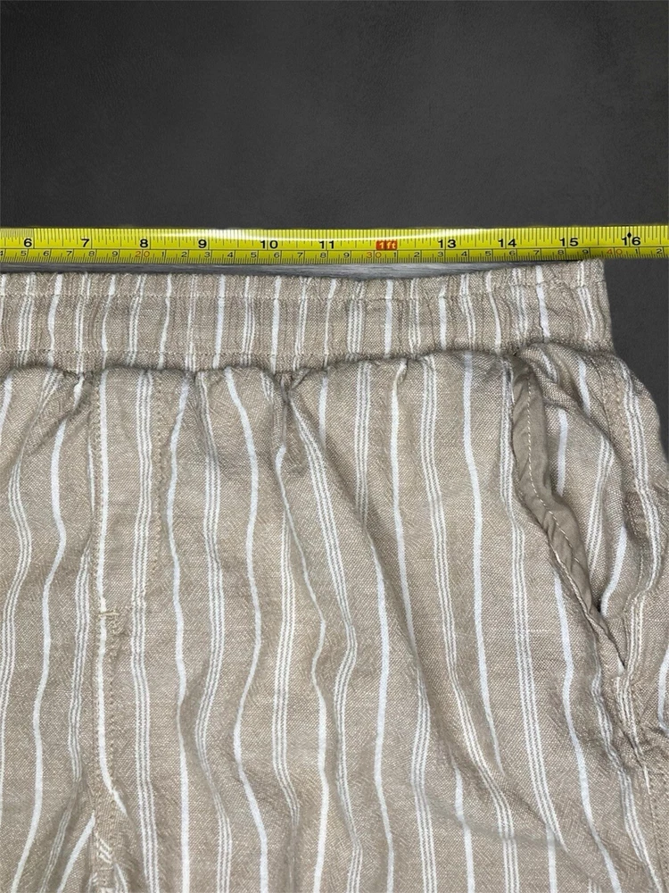 Briggs Pants Womens Large Beige Ivory Striped Linen Blend Pull On Elastic Waist
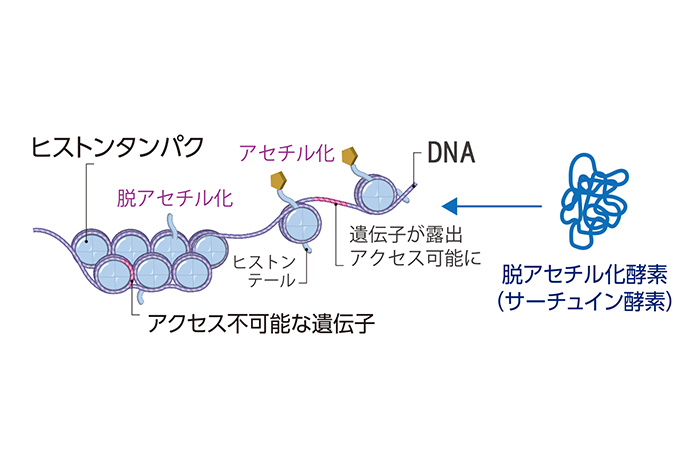 そして、EPI GENOME Lineシリーズの先発製品は、近年注目を集めているNicotinamide Mono Nucleotide(NMN:エヌ・エム・エヌ)含有するサプリメント製品です。NMN自体の特長は、体内に吸収されると速やかにNicotinamide Adenine Dinucleotide(NAD+:ナッド)に変換される点です。そののちに変換されたNAD+がサーチュイン遺伝子産物と共に「NAD+依存性ヒストン脱アセチル化酵素」として機能することで、遺伝情報のエラー制御に関与することが研究で解明されています。
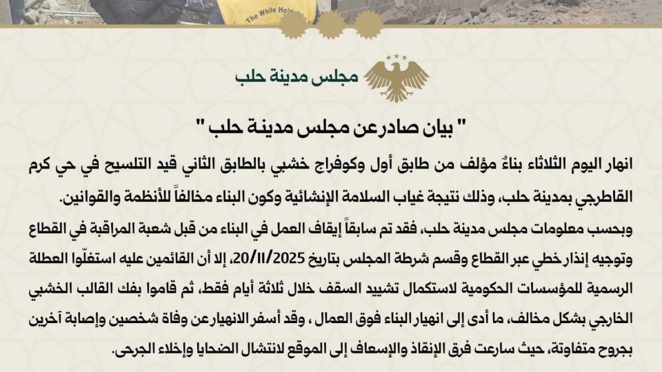 تفاصيل حادثة انهيار مبنى في حي كرم القاطرجي في مدينة حلب
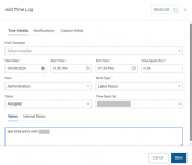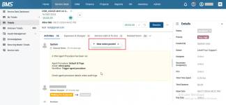 If technician A adds a note and if technician B is at a lower part of the ticket, a small popup message will appear for technician B and others that a new note is posted.
= = = =
Exercise description: Pictures are not part of the copy. Please reproduce the material word for word.

Solution for this problem:
 Briggs Pants Womens Large Beige Ivory Striped Linen Blend Pull On Elastic Waist
 そして、EPI GENOME Lineシリーズの先発製品は、近年注目を集めているNicotinamide Mono Nucleotide(NMN:エヌ・エム・エヌ)含有するサプリメント製品です。NMN自体の特長は、体内に吸収されると速やかにNicotinamide Adenine Dinucleotide(NAD+:ナッド)に変換される点です。そののちに変換されたNAD+がサーチュイン遺伝子産物と共に「NAD+依存性ヒストン脱アセチル化酵素」として機能することで、遺伝情報のエラー制御に関与することが研究で解明されています。
 تفاصيل حادثة انهيار مبنى في حي كرم القاطرجي في مدينة حلب
 If technician A adds a note and if technician B is at a lower part of the ticket, a small popup message will appear for technician B and others that a new note is posted.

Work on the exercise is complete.